# Thank goodness for RTE and Roy Keane



## W200 (13 Nov 2013)

This evening I was having dinner when on came the six o’clock news and a hyperventilating RTE reporter announces that today Roy Keane had " *ADDRESSED THE NATION* "
And there I was under the impression that what actually happened was that the *assistant* manager of the Irish soccer team had spoken to some journalists in a Malahide hotel
How wrong can you be eh!


----------



## Purple (13 Nov 2013)

Did he give a blessing?


----------



## pudds (13 Nov 2013)

*Tabloids*

There won't be a single day that we wont see at least a few pages with Roy Keane's name all over it, and just when I thought it was safe to go back into the water

On the udder hand if things hot up it just might be entertaining, personality wise rather than sport wise, for me at least, as I'm not really a soccer/24/7 fan thank you very much, as there is much more to life thank god.


----------



## Sue Ellen (14 Nov 2013)

Deffo, but wasn't it a relief that the hotel was ok and there were no potholes on the pitch


----------



## W200 (14 Nov 2013)

Purple said:


> Did he give a blessing?


 
It’s just that had I known such a momentous event was taking place I would have gathered the family around the TV, drawn the blinds and given the occasion the deference or indeed reverence it deserved. Has anyone got the text? Id love to take some time out to study it in peace and quiet.
Actually I was in the middle of reading the Gettysburg address but that can wait.


----------



## Odea (14 Nov 2013)

Better check to see where I put the Iodine tablets.


----------



## Bronte (14 Nov 2013)

Does anybody know who the manager is?


----------



## Seagull (14 Nov 2013)

Bronte said:


> Does anybody know who the *manger* is?


 
I know I've heard comments about donkeys in relation to some of the Irish players, but I didn't think the FAI would take the joke that far.


----------



## Bronte (14 Nov 2013)

Seagull said:


> I know I've heard comments about donkeys in relation to some of the Irish players, but I didn't think the FAI would take the joke that far.


 
Sorry, I've fixed the spelling.  Who did they replace the Italian with, cannot spell his name either.  Maybe it's easier to spell the new guys name, why isn't Roy the manager?


----------



## Betsy Og (14 Nov 2013)

C'mon people, are ye misery junkies or what??, this is a fascinating story for a good chunk of the population. Poor auld Roy, the lad done good, then bad, now he's going for a shot at rehabilitation as a less volatile, constructive solid kind of lad. 

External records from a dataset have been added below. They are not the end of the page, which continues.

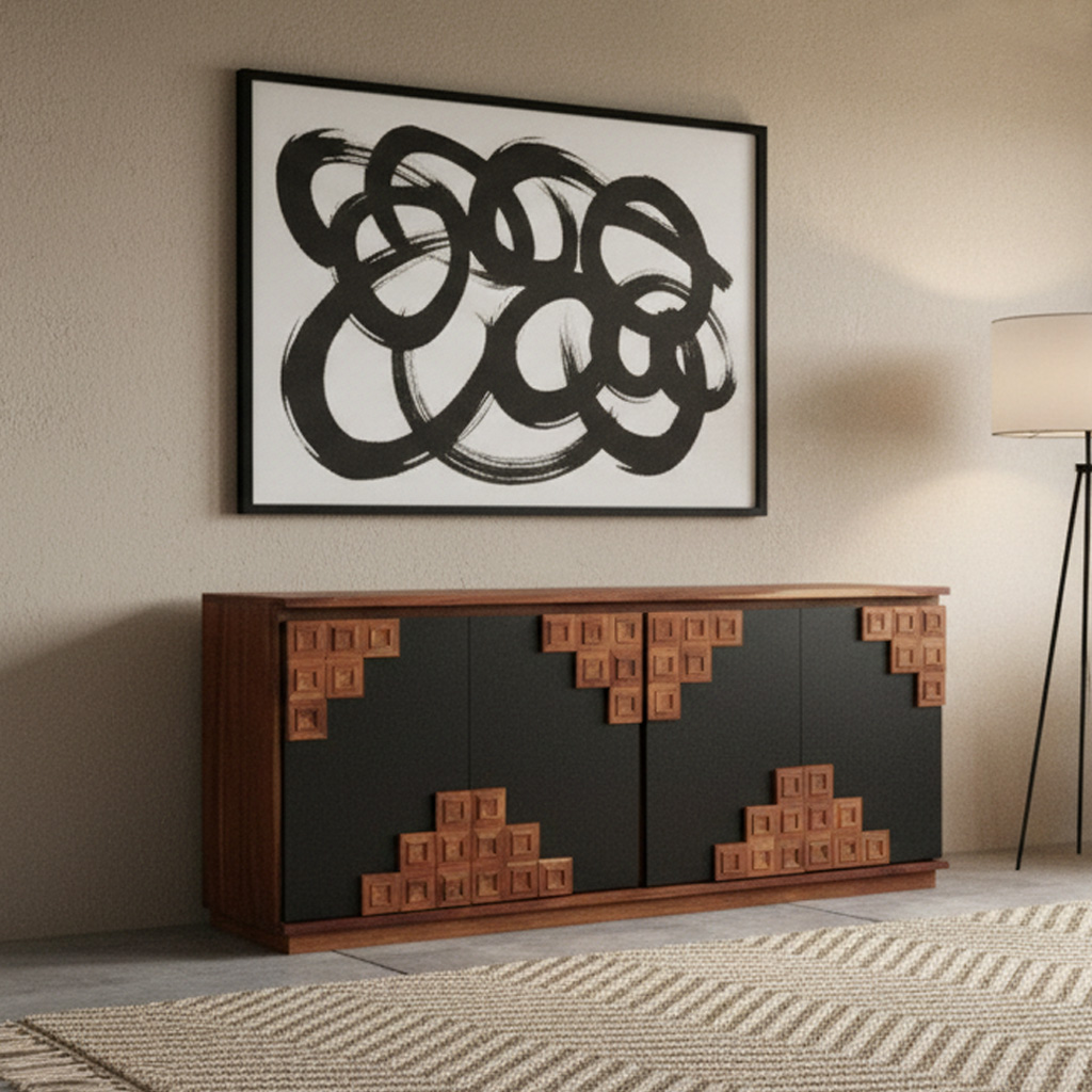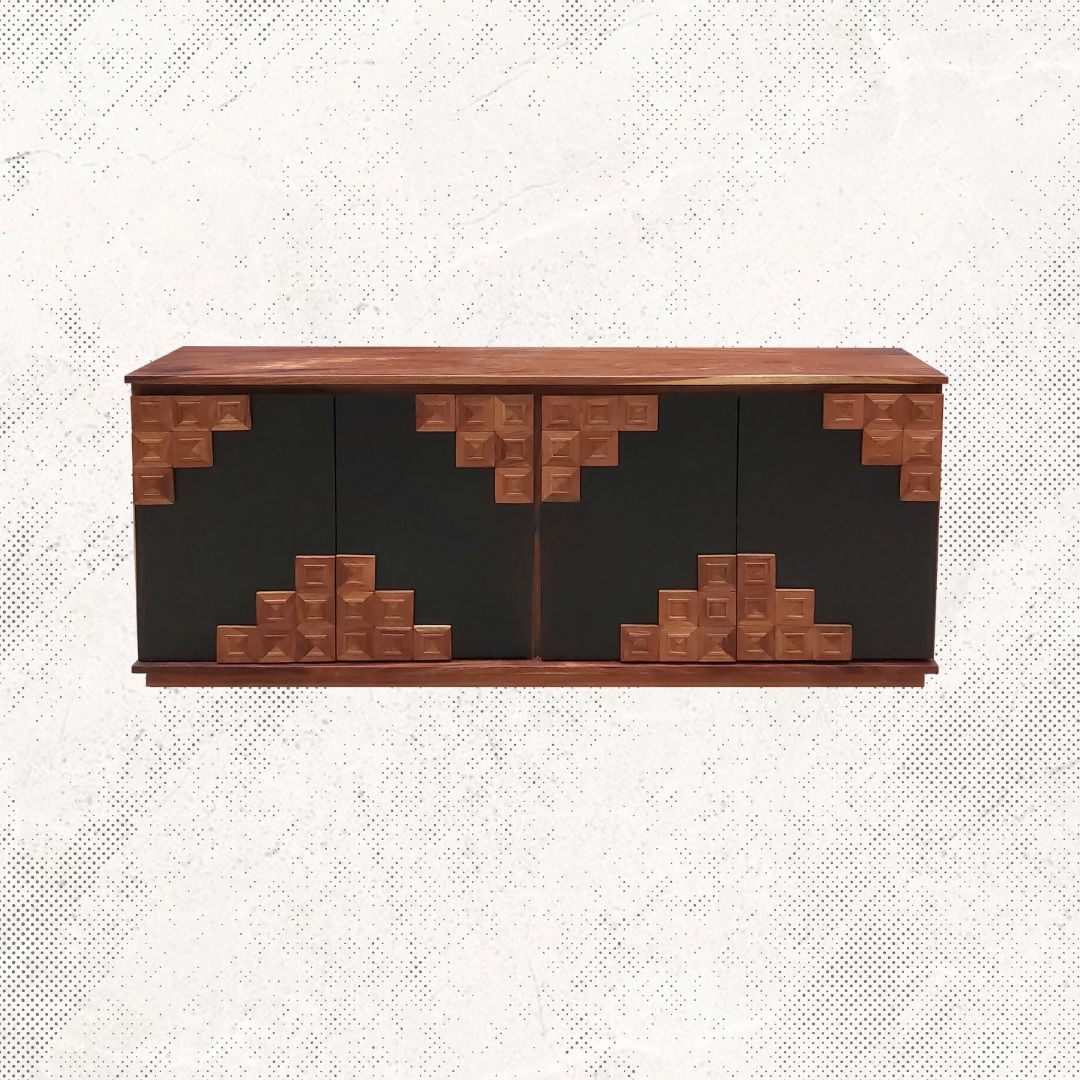 Materiales: Fabricada en madera con cajoneras, puertas abatibles y repisas interiores.
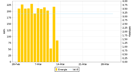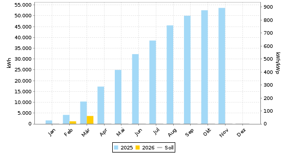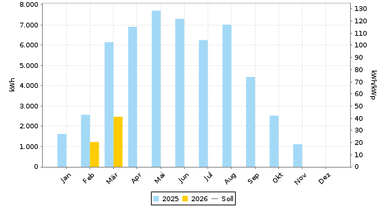 Energie = 3.702,72 kWh (61,71 kWh/kWp) | CO2-Vermeidung = 2.221,63 kg
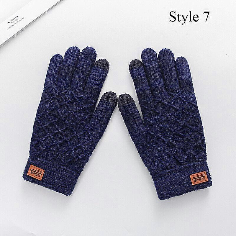 Men Wool Knit Thicken Elastic Gloves Touch Screen Warm Full Finger Mitten Riding
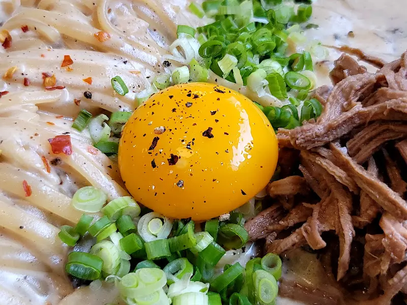 가장 먼저 나온 것은 장조림 크림 파스타였다. 따뜻한 크림소스에 버무려진 파스타 면 위로, 잘게 찢은 장조림과 신선한 쪽파가 듬뿍 올려져 있었다. 중앙에는 탐스러운 노른자가 자리 잡고 있었는데, 그 모습이 마치 예술 작품을 연상시켰다. 젓가락으로 노른자를 톡 터뜨려 면과 함께 비벼 한 입 맛보니, 입안 가득 풍미가 퍼져 나갔다. 크림의 부드러움과 장조림의 짭짤함, 그리고 쪽파의 향긋함이 절묘하게 어우러져 환상적인 밸런스를 이루었다. 특히, 장조림의 짭짤한 맛이 느끼함을 잡아주어 질리지 않고 계속 먹을 수 있었다.
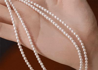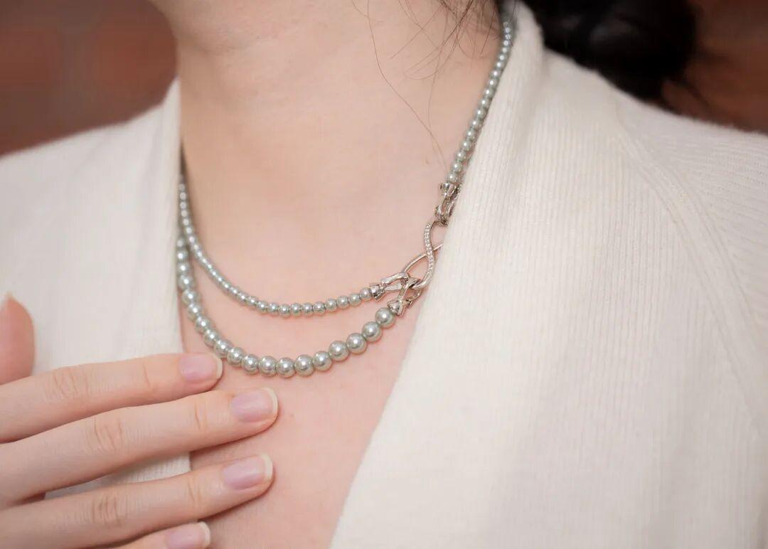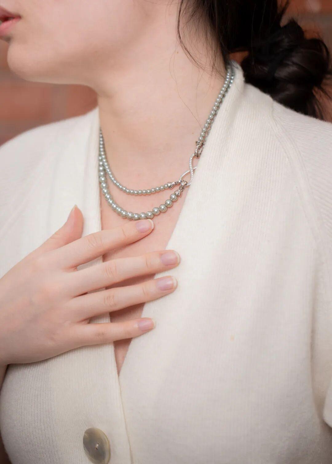 雙珠鏈是 一串3mm的人造真多麻和一串6mm的人造真多麻組合。顆顆光澤強勁,彷彿可以點亮海面,上身光彩照人。

A great story for our times - a microcosm for the nation ....(steady on, lets not over egg it!!)


----------



## Purple (15 Nov 2013)

We've two people from this island running the National team but neither of them are from this country (one from Northern Ireland, one from PR Cork). 
Should be not have gone for an Irish management team?


----------



## DrMoriarty (15 Nov 2013)

Maybe he felt he needed someone with the appropriate vision?


----------



## AgathaC (15 Nov 2013)

W200 said:


> It’s just that had I known such a momentous event was taking place I would have gathered the family around the TV, drawn the blinds and given the occasion the deference or indeed reverence it deserved. Has anyone got the text? Id love to take some time out to study it in peace and quiet.
> Actually I was in the middle of reading the Gettysburg address but that can wait.

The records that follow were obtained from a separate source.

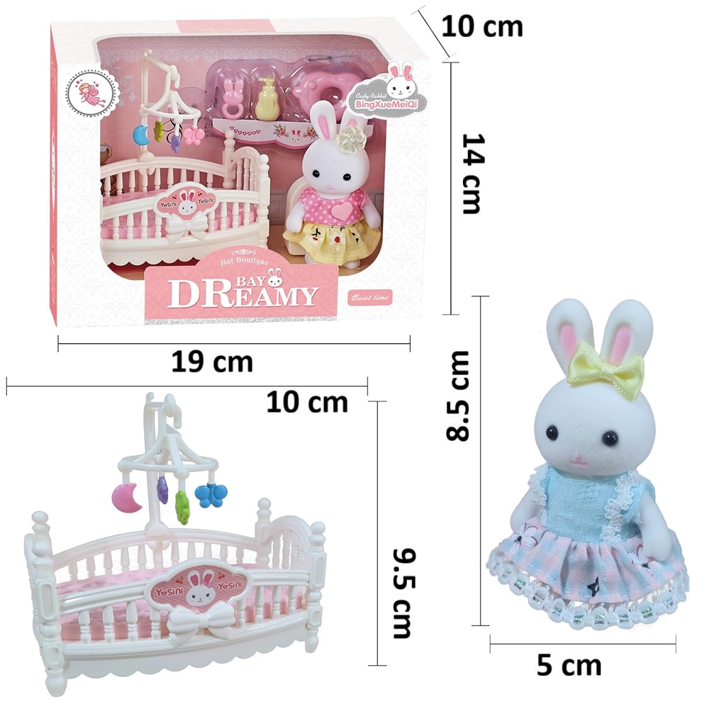 - Incluye: muñeca flocada de conejito blanco, cuna, movil, sonaja, shampoo y más accesorios
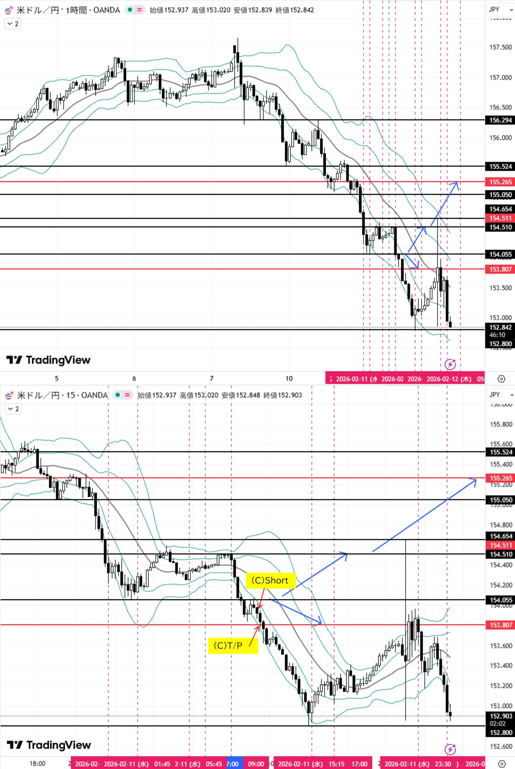 (C)日足安値154.055をダウ下落→目標1H足押し安値153.807
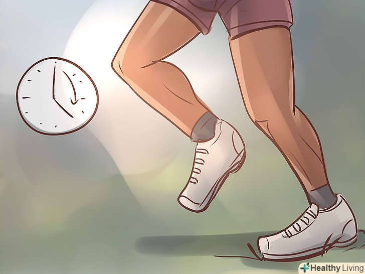 Розвивайте свої фізичні здібності. почніть з бігу на один кілометр . Багато спортсменів запитують один у одного, за який мінімальний час вони пробігають один кілометр, тому ідеально буде почати тренування саме з цієї дистанції, щоб оцінити свій поточний рівень. [2] стандартний коло на біговій доріжці стадіону дорівнює 400 м. використовуйте цю інформацію, щоб оцінити свою швидкість, здібності і витривалість на спочатку обраної дистанції для тренувань.- Бігайте з невеликим напором, але не перенапружуйтеся; і не переживайте, якщо у вас не вийде це відразу ж, так як поки ви лише оцінюєте свій початковий стан і незабаром почнете вдосконалюватися. Засічіть найкращий час, за який ви долаєте один кілометр, і виходячи з нього визначте час для звичайних тренувань – збільште собі тимчасові рамки на 1-2 хвилини, щоб бігати трохи повільніше. [3] продовжуйте бігати по дистанції з спочатку обраної швидкістю до тих пір, поки не відчуєте готовність до подальшого вдосконалення.

I hope that you at least bowed your head.


----------



## Delboy (15 Nov 2013)

Well, it's working. Very good performance and a good win.
Could'nt have seen us put in the same show with Trap in charge tonight


----------



## W200 (16 Nov 2013)

Delboy said:


> Well, it's working. Very good performance and a good win.
> Could'nt have seen us put in the same show with Trap in charge tonight


 


And remind me again, which major world power we took on in a highly competitive encounter


----------



## mandelbrot (16 Nov 2013)

W200 said:


> And remind me again, which major world power we took on in a highly competitive encounter



As the old sporting adage goes, you can only beat what's put in front of you, and they did so very convincingly last night, playing a much more attractive and positive brand of football than Trap would have allowed - players who the Italian wouldn't give a sniff of a game to, were allowed a chance to impress and they took it with both hands.

Under Trapattoni we really struggled to look convincing against equally poor opposition on lots of occasions.

Why so negative?


----------



## Delboy (16 Nov 2013)

Perhaps W200 is'nt a football fan?

Perhaps tonight's 'game' was more his thing!!!


----------



## mandelbrot (16 Nov 2013)

Sue Ellen said:


> Deffo, but wasn't it a relief that the hotel was ok and there were no potholes on the pitch


 
It sure was, seeing as substandard accommodation and/or training facilities could impact on the team's performance, or result in costly injuries to highly paid professional athletes...


----------



## W200 (17 Nov 2013)

Delboy said:


> Perhaps W200 is'nt a football fan?
> 
> Perhaps tonight's 'game' was more his thing!!!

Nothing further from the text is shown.